How to Read a Book - laidlaw
http://blog.anguscroll.com/how-to-read-a-book/

======
a_bonobo
Susan Sontag wrote a famous essay in 1966 about this: "Against Interpretation"
[1], arguing exactly the same thing as OP's link does:

>Sontag is strongly averse to what she considers to be contemporary
interpretation, that is, an overabundance of importance placed upon the
content or meaning of an artwork rather than being keenly alert to the
sensuous aspects of a given work and developing a descriptive vocabulary for
how it appears and how it does whatever it does.

and

>Sontag asserts that the modern style is quite harmful; to art and to
audiences alike, enforcing hermeneutics- fallacious, complicated “readings”
that seem to engulf an artwork, to the extent that analysis of content begins
to degrade, to destroy. Reverting back to a more primitive and sensual, almost
magical experience of art is what Sontag desires

Edit: You can read the whole thing here:
[http://www.coldbacon.com/writing/sontag-
againstinterpretatio...](http://www.coldbacon.com/writing/sontag-
againstinterpretation.html)

[1] <http://en.wikipedia.org/wiki/Against_Interpretation>

------
josephkern
> There was an actual book called How to Read a Book published in the 1940s.
> It focused almost entirely on non-fiction and encouraged the reader to
> analyze everything ad nauseam. In case you hadn't guessed, this essay is
> exclusively about fiction (never let mere accuracy get in the way of a good
> title) and advocates entirely the opposite approach.

No it advocates the entirely SAME approach.

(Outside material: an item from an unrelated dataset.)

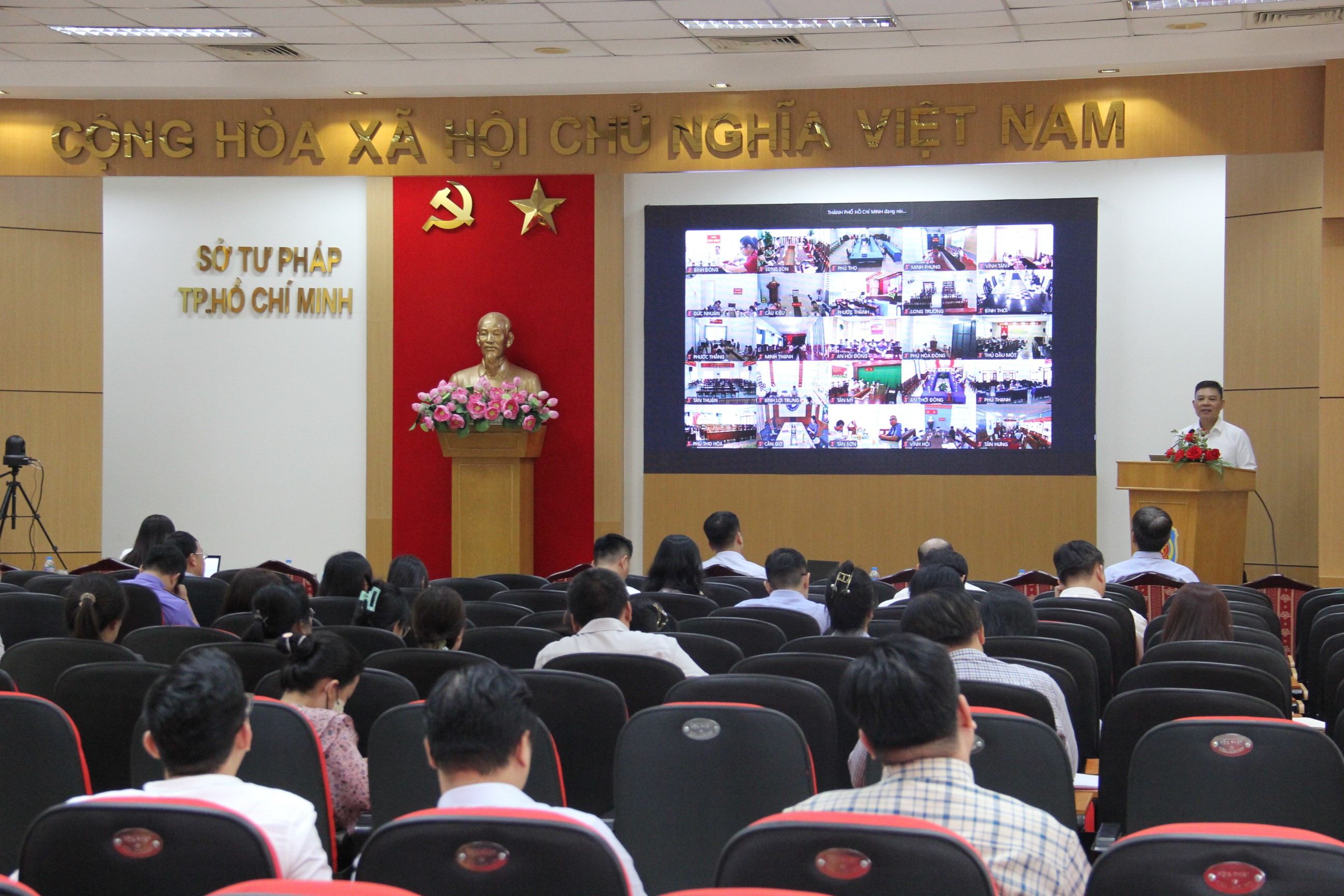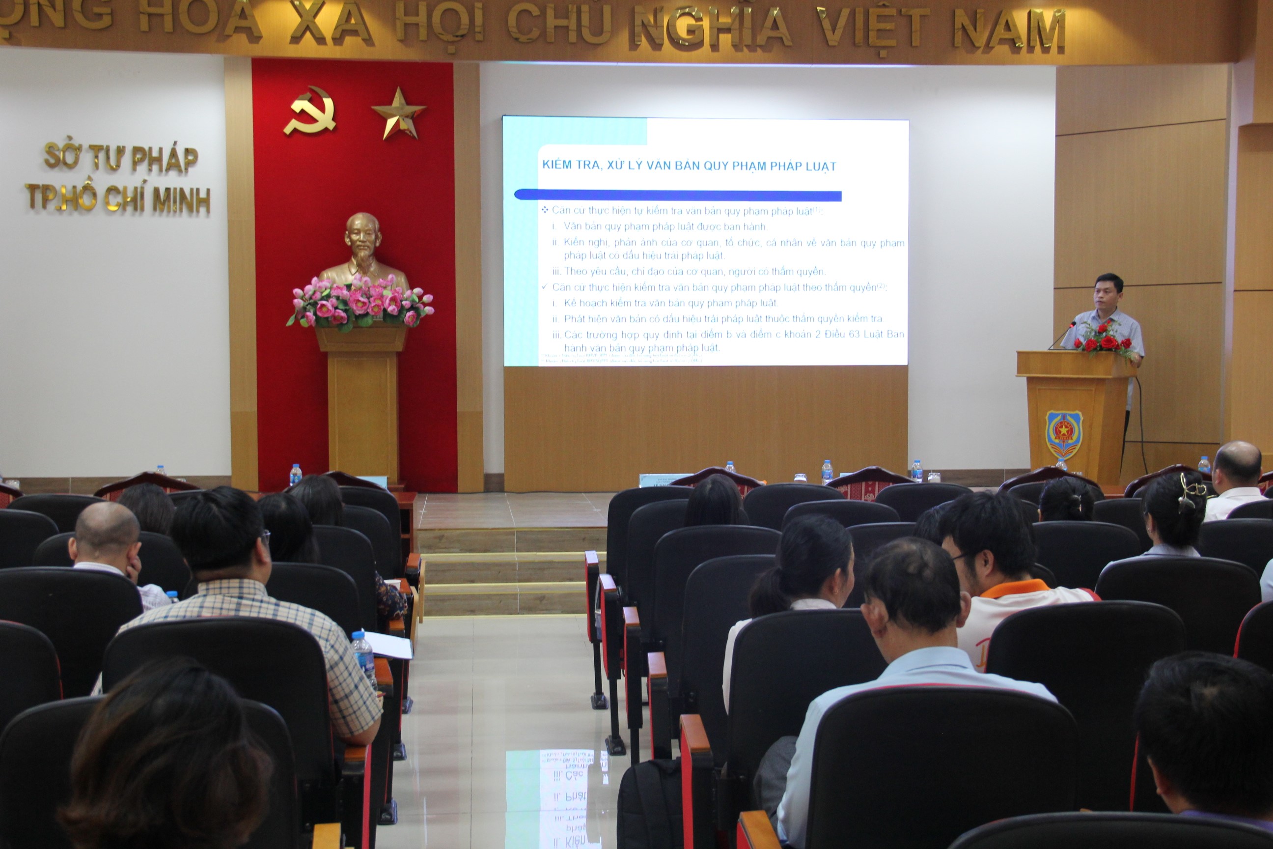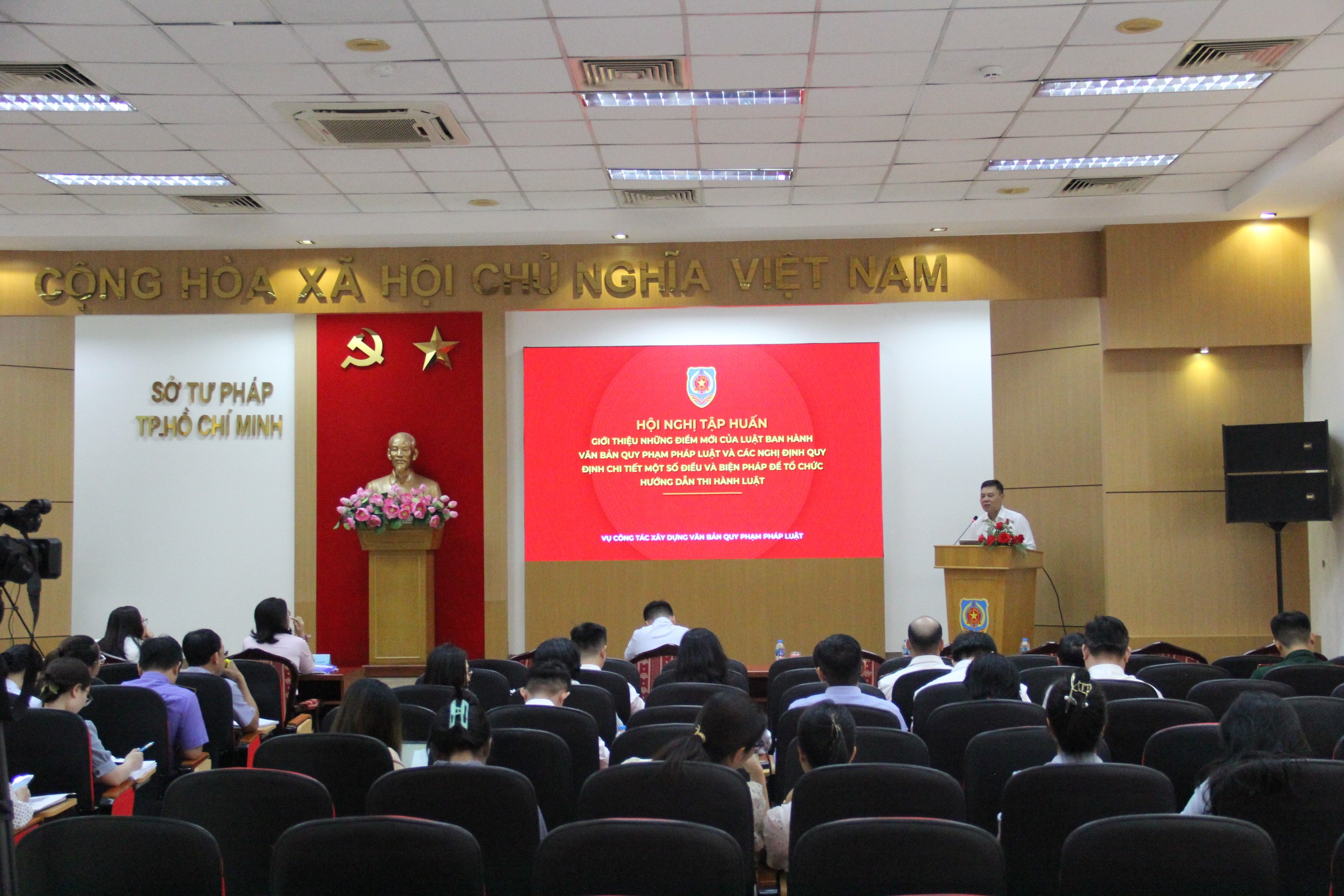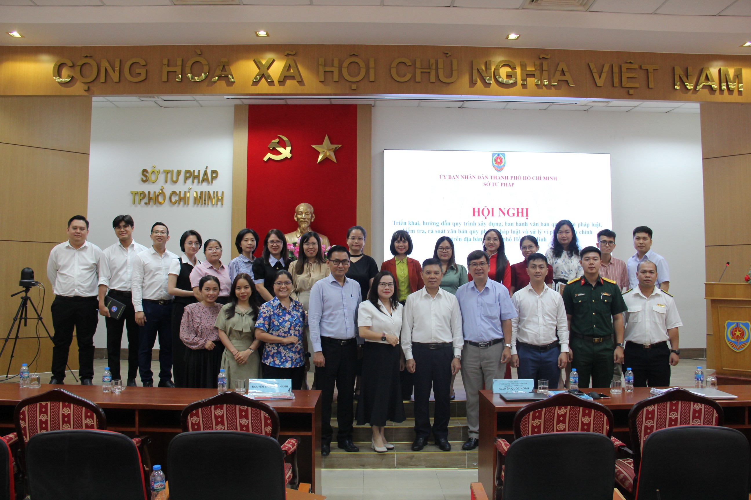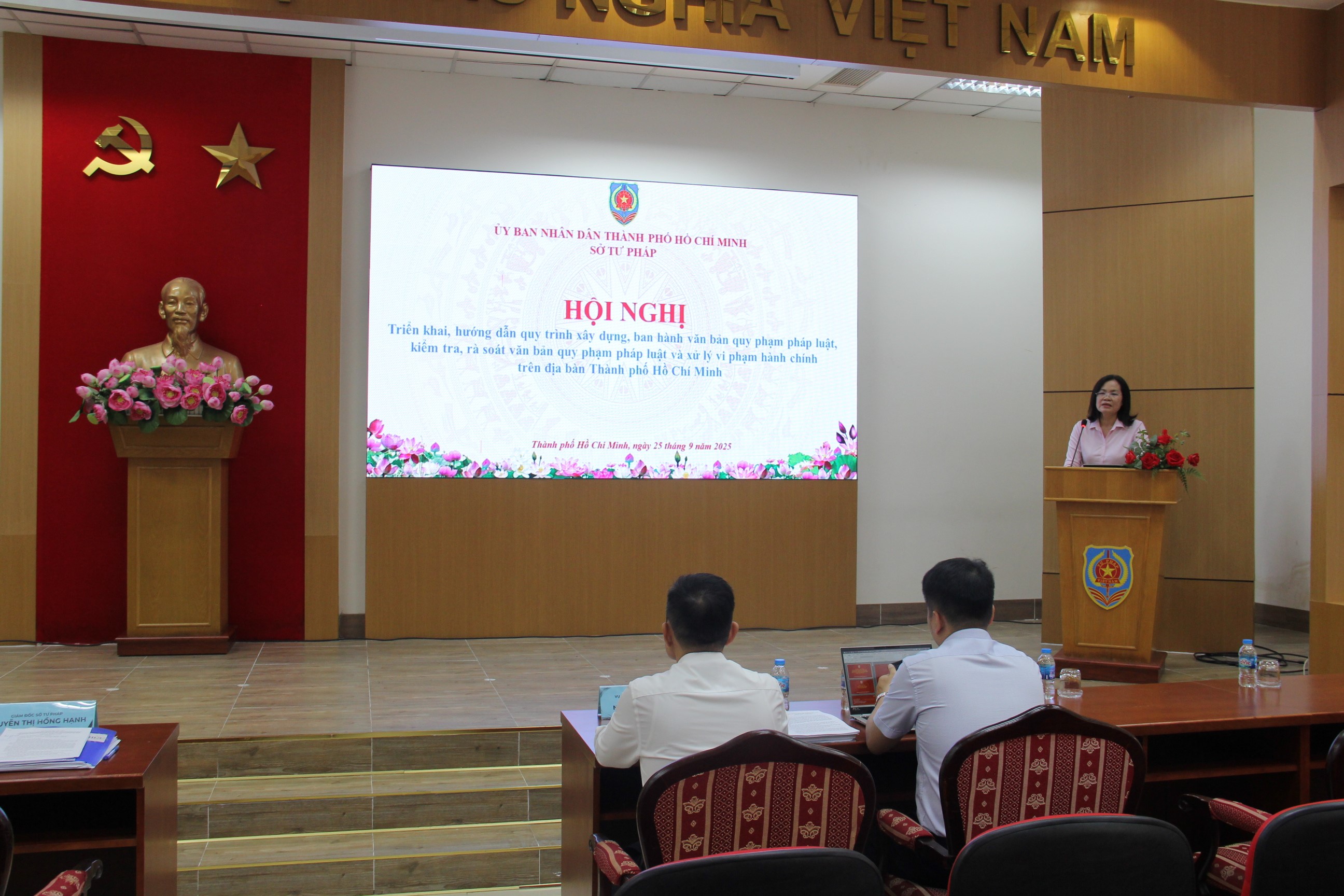 Trên cơ sở phân công của Ủy ban nhân dân Thành phố, ngày 25 tháng 9 vừa qua, Sở Tư Pháp Thành phố Hồ Chí Minh đã chủ trì tổ chức Hội nghị triển khai hướng dẫn quy trình xây dựng ban hành văn bản quy phạm pháp luật, kiểm tra rà soát văn bản quy phạm pháp luật và xử lý vi phạm hành chính trên địa bàn Thành phố Hồ Chí Minh với gần 100 đại biểu tham dự trực tiếp là đại diện Ủy ban Mặt trận Tổ quốc Việt Nam Thành phố, các Ban của Hội đồng nhân dân Thành phố, Văn phòng Đoàn Đại biểu Quốc hội - Hội đồng nhân dân Thành phố và các Sở, ban ngành Thành phố. Song song đó, Hội nghị kết nối trực tuyến với 168 điểm cầu là Ủy ban nhân dân các phường, xã, đặc khu của Thành phố Hồ Chí Minh.

I think if the OP had actually read "How to Read a Book", the OP might have
found that there are some excellent techniques presented, and the authors make
a very clear definition between reading for enjoyment and reading for
education.

It is one thing to read a single novel for pleasure, quite another to survey
all available literature on a subject and to figure out what has not yet been
written.

Perhaps if the OP had actually read the book ...